REQUIREMENT:
Begin at the line below that has "3월 16일 피고인 신문에서". Stop after the line that has "为深入推进思想政治理论课改革", repeating each line exactly and leaving out the pictures.

RECORD SET:
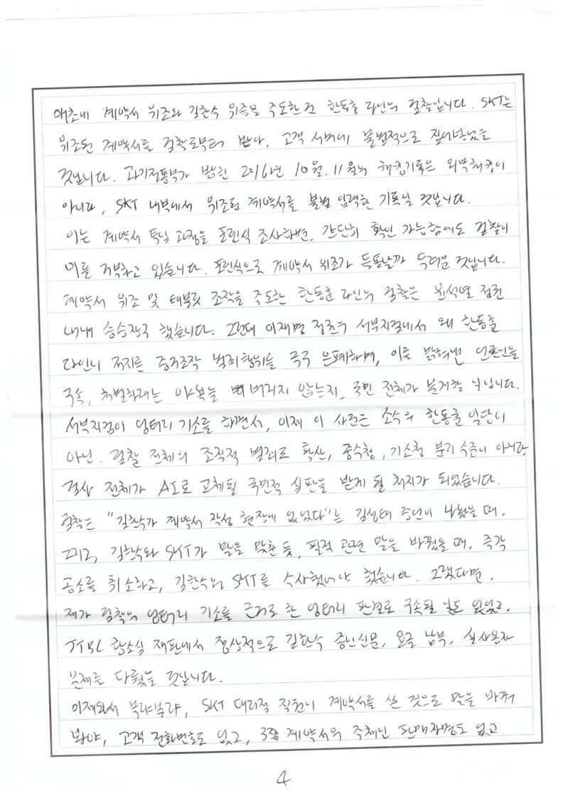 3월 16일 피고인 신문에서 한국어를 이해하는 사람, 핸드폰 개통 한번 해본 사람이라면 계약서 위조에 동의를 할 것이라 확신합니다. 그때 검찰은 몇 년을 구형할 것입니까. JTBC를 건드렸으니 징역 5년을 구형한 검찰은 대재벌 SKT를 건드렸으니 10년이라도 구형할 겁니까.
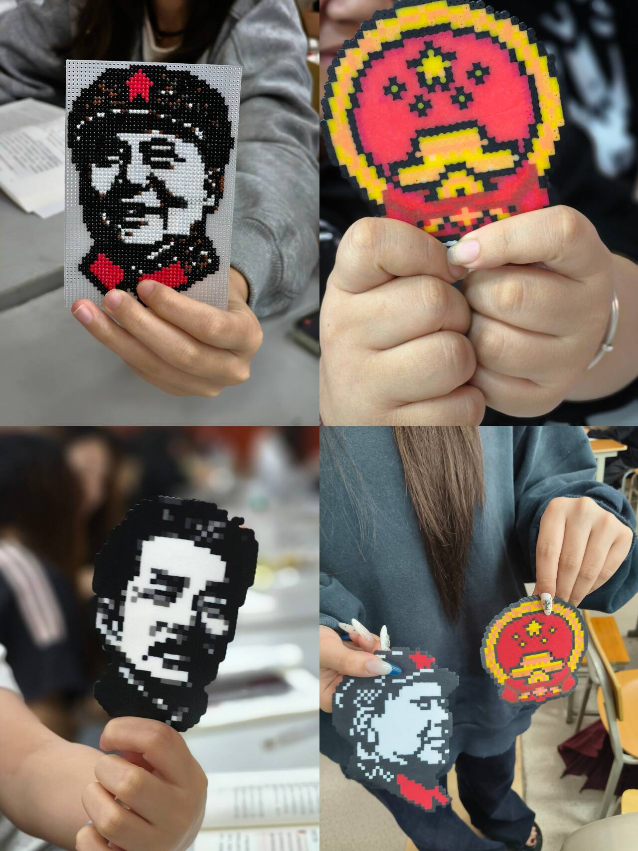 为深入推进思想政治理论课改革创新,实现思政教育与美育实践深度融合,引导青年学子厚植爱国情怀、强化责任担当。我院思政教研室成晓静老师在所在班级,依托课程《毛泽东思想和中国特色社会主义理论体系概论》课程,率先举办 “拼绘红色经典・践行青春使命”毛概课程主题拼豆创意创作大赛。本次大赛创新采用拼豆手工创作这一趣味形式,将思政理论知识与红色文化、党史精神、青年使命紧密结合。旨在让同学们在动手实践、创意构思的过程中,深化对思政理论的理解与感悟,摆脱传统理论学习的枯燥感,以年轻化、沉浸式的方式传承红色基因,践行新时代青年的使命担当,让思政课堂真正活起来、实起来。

...

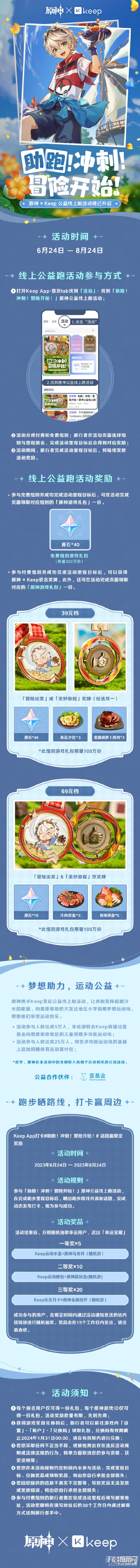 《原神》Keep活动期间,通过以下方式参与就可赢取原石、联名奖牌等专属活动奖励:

EXERCISE RESPONSE:
 3월 16일 피고인 신문에서 한국어를 이해하는 사람, 핸드폰 개통 한번 해본 사람이라면 계약서 위조에 동의를 할 것이라 확신합니다. 그때 검찰은 몇 년을 구형할 것입니까. JTBC를 건드렸으니 징역 5년을 구형한 검찰은 대재벌 SKT를 건드렸으니 10년이라도 구형할 겁니까.
 为深入推进思想政治理论课改革创新,实现思政教育与美育实践深度融合,引导青年学子厚植爱国情怀、强化责任担当。我院思政教研室成晓静老师在所在班级,依托课程《毛泽东思想和中国特色社会主义理论体系概论》课程,率先举办 “拼绘红色经典・践行青春使命”毛概课程主题拼豆创意创作大赛。本次大赛创新采用拼豆手工创作这一趣味形式,将思政理论知识与红色文化、党史精神、青年使命紧密结合。旨在让同学们在动手实践、创意构思的过程中,深化对思政理论的理解与感悟,摆脱传统理论学习的枯燥感,以年轻化、沉浸式的方式传承红色基因,践行新时代青年的使命担当,让思政课堂真正活起来、实起来。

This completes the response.